In today’s post I will be quoting from pages 26-27 of A. J. Pollock’s “HADES and Eternal Punishment” where he discusses the three different meanings of the word “death”. These definitions are identical to what I have always been taught and indeed; they must hold true if eternal conscious torment is to be valid.
Pollock says two things in this quote that he has asserted time and again. The first is that “separation from God” cannot be the same as “annihilation”. As far as I am concerned Pollock has never come close to proving this. In fact it seems to me that a person who has been annihilated has more separation between himself and God than someone who is being actively tormented by God. Of course to Pollock separation means a separation from God’s grace and mercy rather than a physical separation. I do see that annihilation would not be separation in the sense that he is using it but I don’t see that he has proven his definition to be the correct definition. I think the question is open until Pollock can produce more than an assertion.
The second assertion that Pollock makes is that the unbeliever must be alive physically, but dead spiritually, for God’s wrath to abide on him. This belief rests on at least two pillars that I don’t think he has proven either:
- The first is that annihilation isn’t punishment. I will agree that it is not as gruesome as burning in hell for eternity but is it really not punishment? It is the equivalent of an eternal death penalty where “death” is defined in its normal usage as the “lack of life”. I believe that eternal annihilation is indeed punishment.
- The second pillar is that somehow our omniscient God would forget about the unbeliever if he is annihilated. If God remembers the unbeliever, and His wrath abides on the unbeliever forever, why can’t this mean that there is no way that the unbeliever will be resurrected? That definition fits the scriptures quoted by Pollock as well as Pollock’s definition.
The anecdote that Pollock provides below about the Seventh Day Adventists is entertaining but it really doesn’t prove anything either. I assume that if the two Seventh Day Adventist’s left that denomination/cult/whatever-you want-to call-them after crossing swords with Pastor Pollock he would have told us. I suspect that they didn’t find Pollock’s argument convincing.
Here is Pastor Pollock:
The word ‘death’ is used in three ways.
It expresses:-
First, separation morally from God through sin.
Second, separation of the body from the soul and spirit.

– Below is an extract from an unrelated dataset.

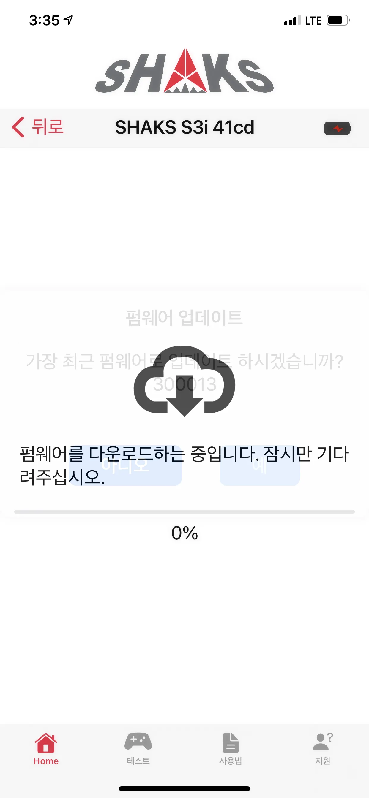 펌웨어 업데이트시는  충전 케이블을 연결하여 주시고, 충전 중인 상태에서만 업데이트를 진행할 수 있습니다.

Third, eternal separation from God.
In no case does it mean annihilation.
As to the first, we read of those “dead in trespasses and sins” when body and soul were both alive together on this earth. Death in the sense of the second needs no comment, save to say it does not mean ceasing to exist, as we have abundantly proved. The third way in which the term is used is plain. “And death and hell [hades] were cast into the lake of fire. This is the second death ” (Rev. 20:14). The second death is an abiding, eternal existence of misery. We speak of “a living death,” and the meaning is plain. Here the meaning is equally plain: “second death” means everlasting, conscious existence under the wrath of God – eternal separation from God, which must mean misery and torment, for all true blessing and joy consist in our right relation to God.

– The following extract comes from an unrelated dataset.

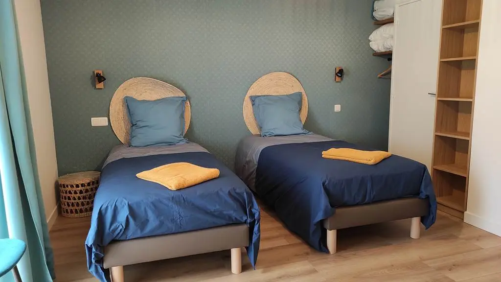 Proche de Rochefort en terre ,à la campagne, vous serez accueillis dans un gîte cosy à la décoration actuelle et chaleureuse. Il est composé d'une salle principale avec sa cuisine équipée et un coin salon pour se détendre. Les deux chambres ont chacune une salle de bain et wc indépendant. La kerezenn est équipée d'un lit de 160x200 et la seconde de deux lits de 90x200 et un de 80x200. A partir de la mi mai vous purrez vous prélasser au bord de notre piscine couverte ou sur l'un des salons de jardin.

Now let us come more directly to the question, Is the punishment of the lost everlasting? If the wrath of God abides on the unbeliever, as Scripture states, there must be the unbeliever for it to abide on. There can be no getting out of the plain meaning of these words. If the unbeliever is annihilated the wrath of God can not abide on what does not exist.
We remember years ago two Seventh Day Adventists in Jamaica informing the writer that they believed in everlasting punishment. If the sinner were annihilated, the punishment, they argued, would be eternal because irrevocable. And then they added triumphantly, “Eternal punishment does not mean eternal punishing.”

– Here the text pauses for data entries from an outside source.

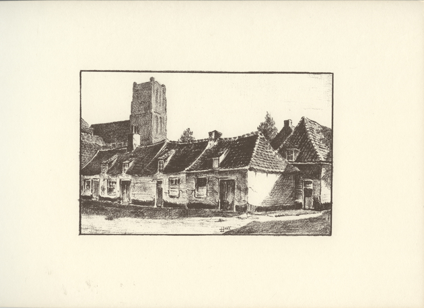 Reproductie met gezicht op de Langestraat te Brielle in 1930 in zwarte kader. Op achterkant opschrift.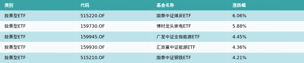 上周股票型ETF涨幅最高的5支ETF及其收益率分别为:国泰中证煤炭ETF(6.06%)、博时龙头家电ETF(5.88%)、广发中证全指能源ETF(4.45%)、汇添富中证能源ETF(4.36%)、国泰中证钢铁ETF(4.21%)。详情见下表: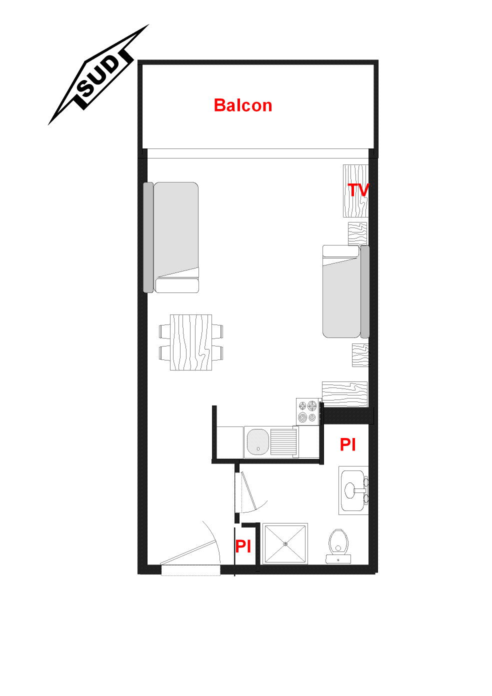 NOTRE AVIS : Studio très lumineux, avec une grande baie vitrée. Belle décoration de style montagne.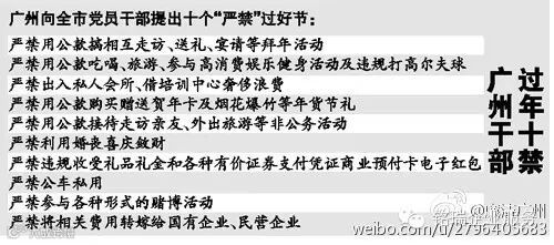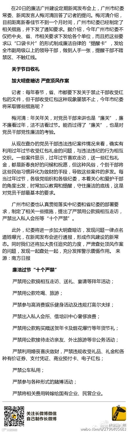 春节将至,在昨日的廉洁广州建设定期新闻发布会上,梅河清介绍,根据中央和省、市要求,广州市纪委已提出关于廉洁过节的“十个严禁”,并制作廉洁自律“提醒卡”,下发给全市副局级以上干部,提醒干部不踏禁区、不触红线。

I replied, “Does three months’ punishmemt mean three months’ punishing?” They admitted that it did. “Then,” I replied, “eternal punishment means eternal punishing.” A leading writer of the Conditional Immortality School uses the same illogical fallacy: “We believe in eternal punishment, not eternal punishing – the latter a great delusion, the former a great truth” (Report of Ilford Conference, 1913 page 56).